Innovation Floods the Water Space
Throughout North America, innovative technology both measures and meets traditional and emerging threats to water resources. In the U.S., the Environmental Protection Agency has highlighted an encouraging collection of examples of the ways innovation is currently being deployed in the water sector, organized by the 10 market opportunities the EPA has identified.Read more here.
These examples encompass an encouraging and wide variety of projects and programs that are conserving rainwater, saving energy, reducing pollution, reducing water-monitoring costs, reducing water impacts from energy production and much more. Check out the site for inspiration and ideas for future projects, or just for some relief from the relentless tide of unwelcome environmental news.
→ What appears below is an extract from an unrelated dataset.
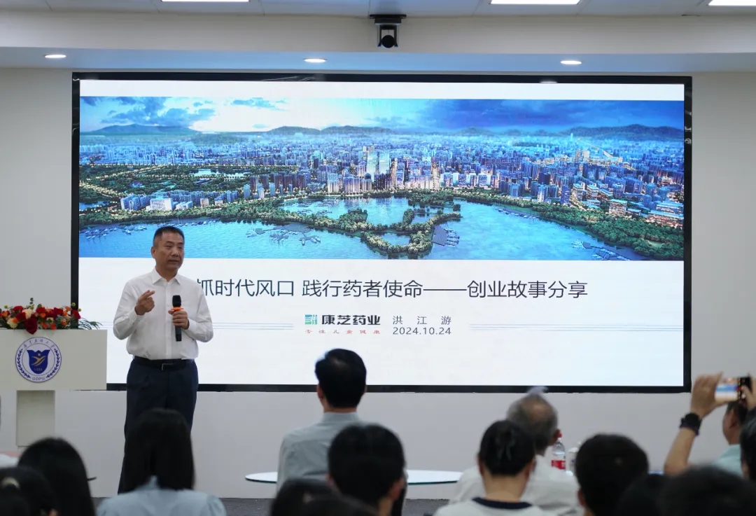 捐贈儀式后,“康芝多媒體廳”迎來首場活動——第十期創(chuàng)新創(chuàng)業(yè)下午茶主題講座。洪江游董事長作為分享嘉賓,以“緊抓時(shí)代風(fēng)口 踐行藥者使命”為主題,圍繞“我的大健康情結(jié)”“三十余載深耕大健康的創(chuàng)業(yè)之路”分享了自己堅(jiān)定大健康事業(yè)初心、錨定創(chuàng)業(yè)目標(biāo)、順應(yīng)時(shí)代浪潮、抓準(zhǔn)機(jī)遇積極投身于健康發(fā)展的創(chuàng)業(yè)故事。

At the top of the EPA’s list was the Pacific Northwest’s own Gresham, Oregon, with its energy net zero wastewater treatment plant. The City of Gresham’s wastewater treatment plant is the first in the PNW to generate the same amount of electricity it consumes each year, using biogas generation and recovery as well as ground-mounted solar arrays to achieve its net-zero goals.
The plant treats 13 million gallons of water daily, serving 114,000- customers in Gresham, Fairview and Wood Village. The plant’s net zero accomplishment saves the city an estimated $500,000 a year in electricity costs.
The biogas fuel is created from fats, oils and grease that are collected from local food-service establishments and trucked to the plant. The City collects a tipping fee for receiving and recycling the waste, which in 2016 earned the city $254,624 for the 8,720 gallons a day of fats delivered from the restaurants. Prior to the net-zero project, the plant was the city’s highest consumer of energy. The 10-year development cost $9.1 million, with the city footing $5.6 million in costs, according to a report in The Oregonian. Energy Trust of Oregon provided $1.3 million in grants and incentives and the U.S. Department of Energy provided $2.2 million in tax credits.
Though achieving net zero won’t save consumers from future rate increases, the city’s Department of Environmental Services says it will reduce the amount of those rate increases. Future rate increases will pay for maintenance needs and capital improvement projects.
Proof positive that wastewater, when dealt with creatively, is not so much waste as treasure, just waiting to be transformed.